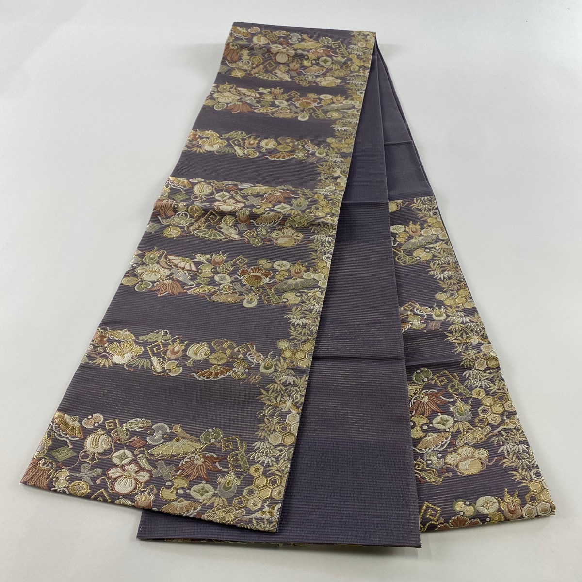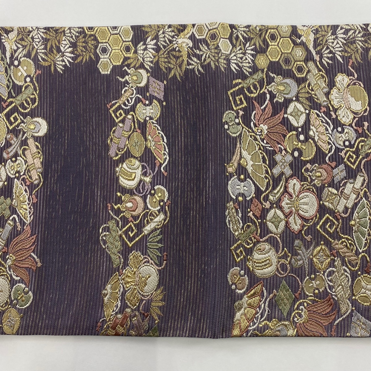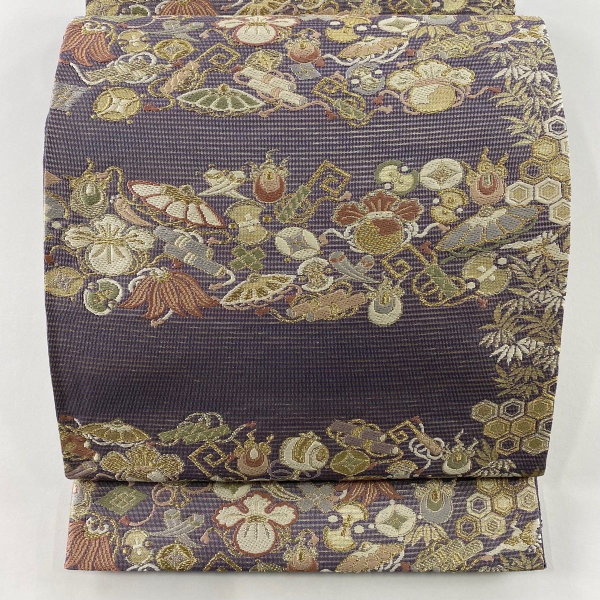 | 袋帯 美品 秀品 宝尽くし 金糸 箔 薄紫 六通 正絹 【中古】 |
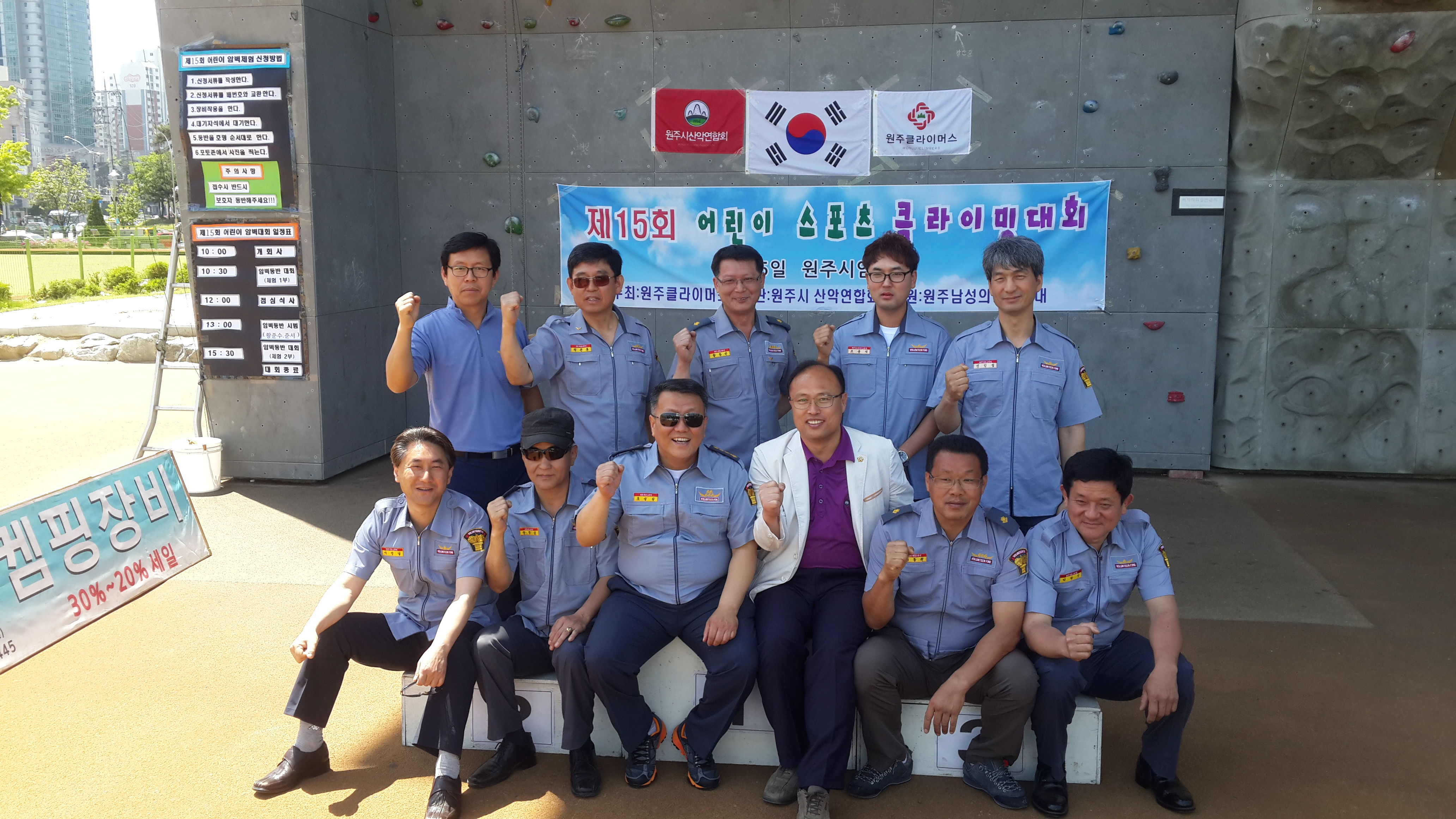 원주남성의용소방대(대장 조성일)는 5월5일 원주시 따뚜공연장에서 2015년 어린이날 행사로 소방체험과 제15회 어린이스포츠클라이밍체험대회를 원주시암벽장에서 원주클라이머스 회원들과 우리대원 20명이 참가하여 어린이 300명에게 체험 암벽등반을 할수있게 도와 주었읍니다. 원주소방서 서장님,원주시남,여 연합대 대장님이 참가하여 격려 해 주셨습니다
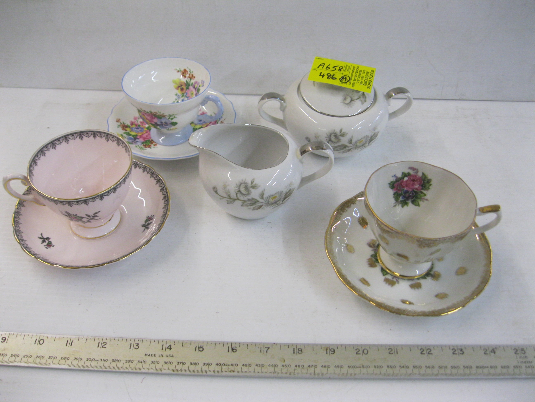 Lot 486A 3 TEACUPS & SAUCERS & A CREAMER & SUGAR BOWL
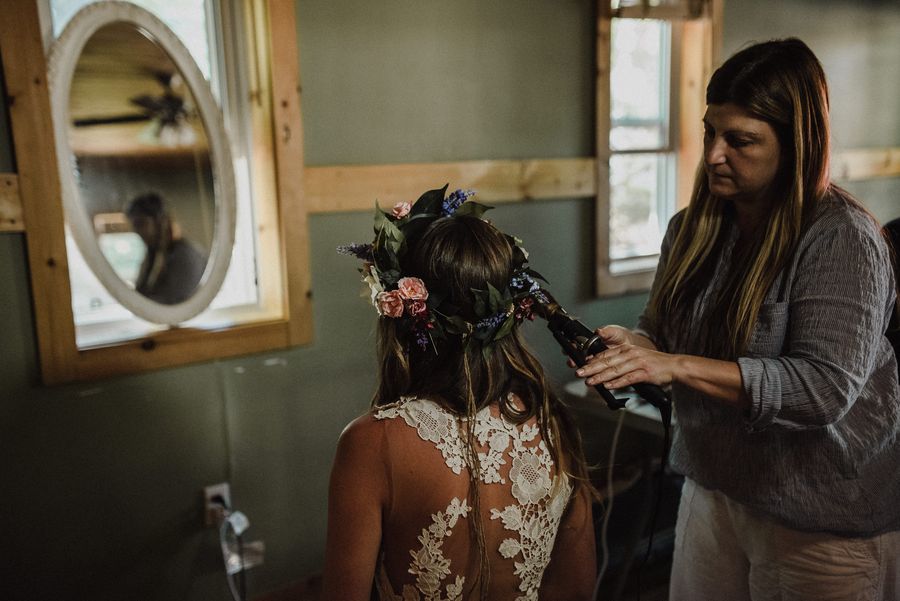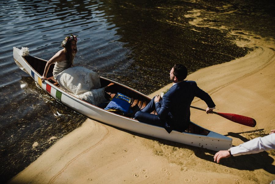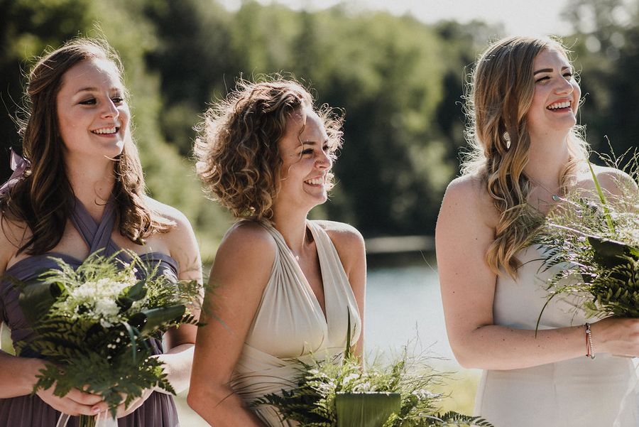 Notre mariage était romantique et rustique à la fois. Nous nous sommes mariés au milieu de la forêt sur un quai au-dessus de l’eau, nous l’appelions notre « Camp de mariage ». Nous voulions une ambiance détendue et insouciante pour profiter un maximum de nos invités.

--------------------------------

ASSIGNMENT
Reproduce the data above line for line, excluding every picture.

RESULT OF THE EXERCISE
 | 袋帯 美品 秀品 宝尽くし 金糸 箔 薄紫 六通 正絹 【中古】 |
 원주남성의용소방대(대장 조성일)는 5월5일 원주시 따뚜공연장에서 2015년 어린이날 행사로 소방체험과 제15회 어린이스포츠클라이밍체험대회를 원주시암벽장에서 원주클라이머스 회원들과 우리대원 20명이 참가하여 어린이 300명에게 체험 암벽등반을 할수있게 도와 주었읍니다. 원주소방서 서장님,원주시남,여 연합대 대장님이 참가하여 격려 해 주셨습니다
 Lot 486A 3 TEACUPS & SAUCERS & A CREAMER & SUGAR BOWL
 Notre mariage était romantique et rustique à la fois. Nous nous sommes mariés au milieu de la forêt sur un quai au-dessus de l’eau, nous l’appelions notre « Camp de mariage ». Nous voulions une ambiance détendue et insouciante pour profiter un maximum de nos invités.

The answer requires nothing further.